The Starting Point
I build a cool demo of Predictive Factory for this event
Forecast the growth of the Internet usage per country.
Gathering the Source Data
I had my burning question, and went hunting for data. I turned to the World Bank Open Data website, usually a goldmine for such stats.
The indicator Internet users (per 100 people) was perfectly fitting. You can learn about this indicator here.
Keeping it simple for this demo, I used no extra variables (this is a nice next step). The dataset was only made of year, country, and the Internet users (per 100 people) as dataset fields.

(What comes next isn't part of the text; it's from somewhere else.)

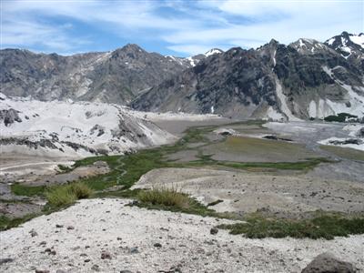 Die Landschaft war einfach unheimlich schoen. Weisses Tuff-Kies, durchsetzt von dunklem Lavagestein, schneebedeckte Gipfel und gruene Wiesenflaechen.

I cleaned up the initial list of countries, as the data was not always fully reliable or filled. At the end of this, I was left with 153 countries in my dataset.
I selected a year range corresponding from the 20 years of TechEd, from 1996 to 2015 (last year available).

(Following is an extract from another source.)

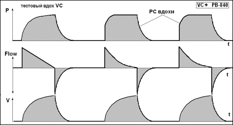 Как и в режиме «VS», когда активность пациента растет и инспираторное усилие увеличивается, аппарат уменьшает поддержку и позволяет пациенту «потренировать дыхательную мускулатуру». Когда пациент утомляется, и инспираторное усилие снижается, аппарат увеличивает поддержку. Если растет сопротивление дыхательных путей или снижается комплайнс, аппарат увеличивает поддержку. * Особенностью режима «VC+» на аппарате PB-840 является то, что тестовый вдох, управляемый по объёму, выполняется с использованием убывающего потока (на графике потока прямоугольный треугольник гипотенузой налево; основание треугольника – время вдоха, а площадь – дыхательный объём). Выполнив тестовый вдох, аппарат узнает, какой уровень давления вдоха (inspiratory pressure) нужно использовать, чтобы доставить целевой дыхательный объём.

Creating My Time Series Predictive Model
Since the recent release of SAP BusinessObjects Predictive Analytics 3.1, it is possible to create time series predictive models, directly within the Predictive Factory.
I created a project, pointed to the right data source and then the creation of the predictive model is literally one simple form-filling step.

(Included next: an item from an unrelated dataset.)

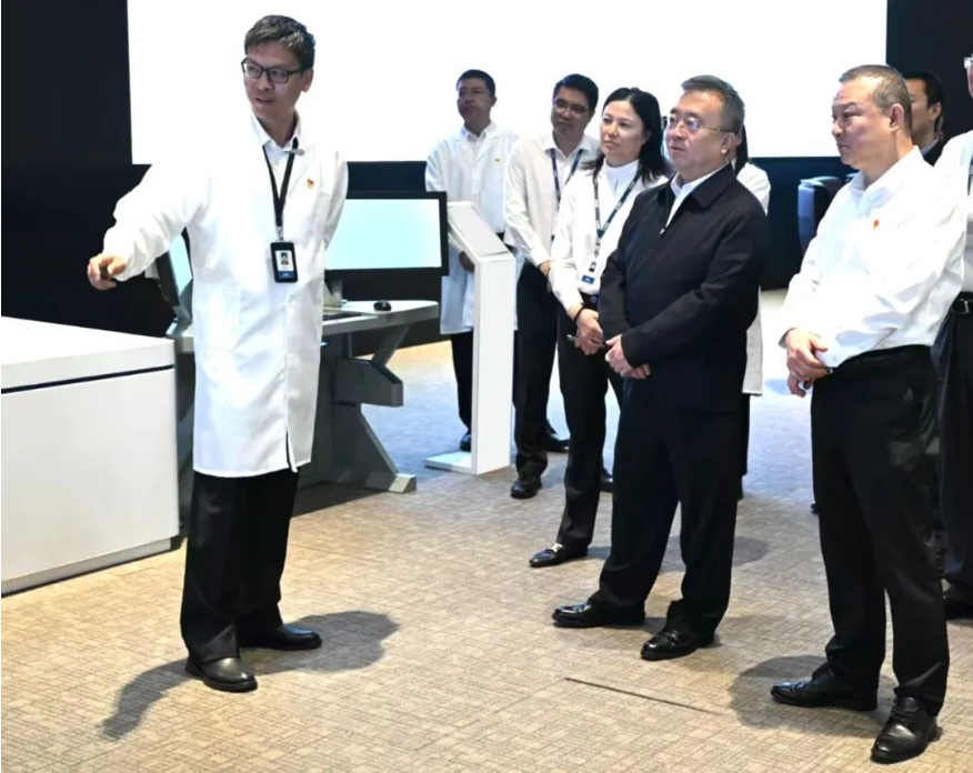 王國強深入科研生產一線,調研了相關實驗室和產品,與首席專家、領軍人才、一線科研人員交流,聽取了二級管理單位負責人關于企業(yè)發(fā)展、科技創(chuàng)新、人才培養(yǎng)、黨的建設、文化建設等情況匯報。

I click on Time Series Forecasting to create the predictive model.
The segment used is the Country variable, it means one separate predictive model will created for each country. 3 forecasts are required for the years 2016, 2017 and 2018.
Debriefing The Model
In the Reports tab, I see the performance of my predictive models for the different countries, the most accurate models (aka “Top Segments”) and the least accurate one (aka “Bottom Segments).
There is a warning for Poland, as there is not enough confidence to predict on the next 3 years to come.
I can look at the predictive model for Germany. We see that the Internet usage is reaching a kind of plateau, and only one point of growth is gained each year.
The situation for a country like India is very different, Internet usage is predicted to grow to 35% of the population in 2016 and 47% in 2017. This means approximately 162 million new Internet users. No wonders why companies like Facebook for example have so much interest for India’s appetite for the Internet at the moment ;-).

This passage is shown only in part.